GRIPS-Leiter Philipp Harpain über die Pläne, Projekte, Premieren und Feste der kommenden Spielzeit
GRIPS: Die bevorstehende Spielzeit dreht sich um die Fragen: Wo haben Kinder und Jugendliche ihren Platz im Leben? Was brauchen sie, wie sehen sie ihre gegenwärtige Lebenssituation und welche Perspektiven haben und welche brauchen sie?
P. Harpain: Es gibt bei Kindern und Jugendlichen eine große Verunsicherung in Anbetracht einer verunsichernden und verunsicherten Welt und Umwelt. Diese werden ausgelöst durch Kriege, die Klimakatastrophe, die Energiekrise und Inflation, aber auch durch die instabilen sozialen Systeme bei uns. Wo habe ich meinen Platz, wo kann ich mich entfalten, wo kann ich selbst kreativ sein, wo kann ich lernen? Das beschäftigt junge Menschen sehr. Und da merke ich eine gesellschaftliche Entwicklung, die es den Kindern zunehmend schwermacht, ihren Platz zu finden.
Ich gehöre der Boomer-Generation an, für die die Welt noch als veränderbar galt. In den 60er und 70er Jahren bis in die 2000er war die Stimmung bezüglich Globalisierungsfragen optimistischer. Das kippt bei der jetzigen Generation. Es ist nicht mehr sicher, ob ich erreichen kann, was ich will oder was der nächste Tag bringt. Die Welt, aber auch das Leben hier in Berlin, ist immer fragiler, fragwürdiger, unklarer. Daher nehmen wir für diese Spielzeit diese Frage auf.
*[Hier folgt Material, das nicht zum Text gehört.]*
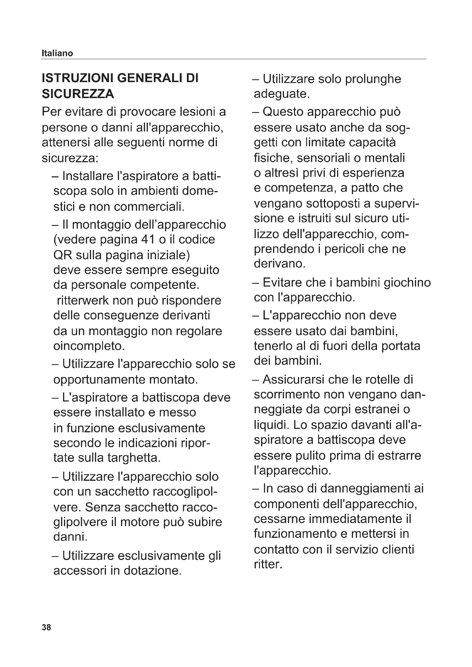 SICUREZZA Per evitare di provocare lesioni a persone o danni all'apparecchio, attenersi alle seguenti norme di sicurezza: – Installare l'aspiratore a batti- scopa solo in ambienti dome- stici e non commerciali. – Il montaggio dell’apparecchio (vedere pagina 41 o il codice QR sulla pagina iniziale) deve essere sempre eseguito da personale competente. ritterwerk non può rispondere delle conseguenze derivanti da un montaggio non regolare o incompleto. – Utilizzare l'apparecchio solo se opportunamente montato. – L'aspiratore a battiscopa deve essere installato e messo in funzione esclusivamente secondo le indicazioni ripor- tate sulla targhetta. – Utilizzare l'apparecchio solo con un sacchetto raccoglipol- vere. Senza sacchetto racco- glipolvere il motore può subire danni. – Utilizzare esclusivamente gli accessori in dotazione. – Utilizzare solo prolunghe adeguate. – Questo apparecchio può essere usato anche da sog- getti con limitate capacità siche, sensoriali o mentali o altresì privi di esperienza e competenza, a patto che vengano sottoposti a supervi- sione e istruiti sul sicuro uti- lizzo dell'apparecchio, com- prendendo i pericoli che ne derivano. – Evitare che i bambini giochino con l'apparecchio. – L'apparecchio non deve essere usato dai bambini, tenerlo al di fuori della portata dei bambini. – Assicurarsi che le rotelle di scorrimento non vengano dan- neggiate da corpi estranei o liquidi. Lo spazio davanti all'a- spiratore a battiscopa deve essere pulito prima di estrarre l'apparecchio. – In caso di danneggiamenti ai componenti dell'apparecchio, cessarne immediatamente il funzionamento e mettersi in contatto con il servizio clienti ritter.39 Italiano – Se durante l'uso si rilevano rumori anomali, odori, fumo o altri errori, staccare la spina di alimentazione se possibile o spegnere l'interruttore di sicurezza. – Non riparare l'apparecchio autonomamente. Se il sigillo sull'alloggiamento del motore risulta danneggiato, la garan- zia decade irrevocabilmente. Pericolo di lesioni – Non salire mai sull'apparec- chio, quando estratto dal suo alloggiamento. – L'apparecchio estratto dal suo alloggiamento rappresenta un pericolo di inciampo. – Non aprire mai il vano motore quando l'apparecchio è in funzione.40 Italiano Leggere attentamente le istru- zioni prima di mettere in funzione l'apparecchio. Conservare le istruzioni e, in caso di cessione dell'apparecchio, consegnarle al nuovo proprietario. Sono tuttavia sempre disponibili istruzioni d'uso aggiornate nel sito www.ritterwerk.de. UTILIZZO PREVISTO L'aspiratore a battiscopa incassato viene utilizzato per rimuovere rapidamente briciole e polvere in cucina. L'utilizzo improprio o errato può causare gravi lesioni personali o danni all'apparecchio. In questi casi la garanzia perde la validità e l'azienda declina ogni forma di responsabilità. ASPIRAZIONE
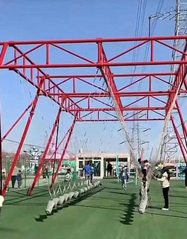 魔网穿越:由绳网编制而成,让孩子和成人在空中玩的高兴,不同于传统的高空绳索游乐,你会被全网包围,无需额外安全装备的辅助,15个关卡可以让你毫无拘束的游乐
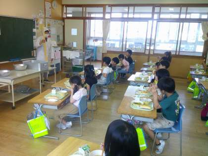 給食の時間、栄養士さんの話を聞きました。多くの人数分の給食を作るための大きな道具を見せてもらいました。給食を時間をかけて、一生懸命作っているという話を聞いて、残さずに食べキリンしたいという気持ちをもつことができました。
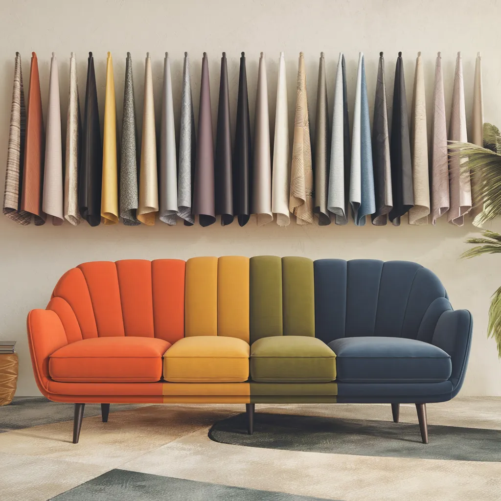 Rows of fabric swatches in varied colors neatly line the wall, showcasing a tasteful spectrum from warm terracotta to cool navy blues. Below, a curved sofa exemplifies contemporary design with its modular sections flowing seamlessly in complementary hues of orange, yellow, olive, and indigo. The furniture’s sleek upholstery appears to be crafted from durable yet inviting performance fabrics, likely engineered synthetics or microfiber blends designed to withstand the rigors of daily family living. The color palette transitions effortlessly from vibrant to muted tones, echoing the tactile textile samples overhead. Overall, the vignette embodies a fresh, modern aesthetic achieved through clever material choices and an avant-garde approach to color-blocking.

GRIPS: Es sind vier Premieren geplant, der große Coup scheint dir aber mit der am 20. Februar 2025 geplanten großen musikalischen Abendproduktion BÜLOWSTRASSE gelungen zu sein.
P. Harpain: Die Komponisten Konstantin Scherer und Robin Haefs haben gemeinsam mit LEA (u.a.), eine der momentan bekanntesten Popsängerinnen, das Konzeptalbum „Bülowstrasse“ komponiert und geschrieben. Und Konstantin hat uns gefragt, ob wir nicht ein Theaterstück auf Grundlage der Geschichten des Albums rausbringen möchten. So einfach war das! Unsere Zusammenarbeit bei „Das schönste Mädchen der Welt“ vor zwei Jahren war beglückend und fruchtbar für uns alle, so dass wir ohnehin Lust hatten, miteinander weiterzuarbeiten. Konstantin und Robin sind mit GRIPS aufgewachsen. Da kam also vieles zusammen! Auf LEAs Album sind bereits unsere Schauspielenden zu hören und mit Juri Sternburg, der gerade mit der ARD-Serie „Die Zweiflers“ große Erfolge feiert, haben wir einen erfahrenen Autor für das Stück gefunden. Es gab also schon einen längeren gemeinsamen Prozess.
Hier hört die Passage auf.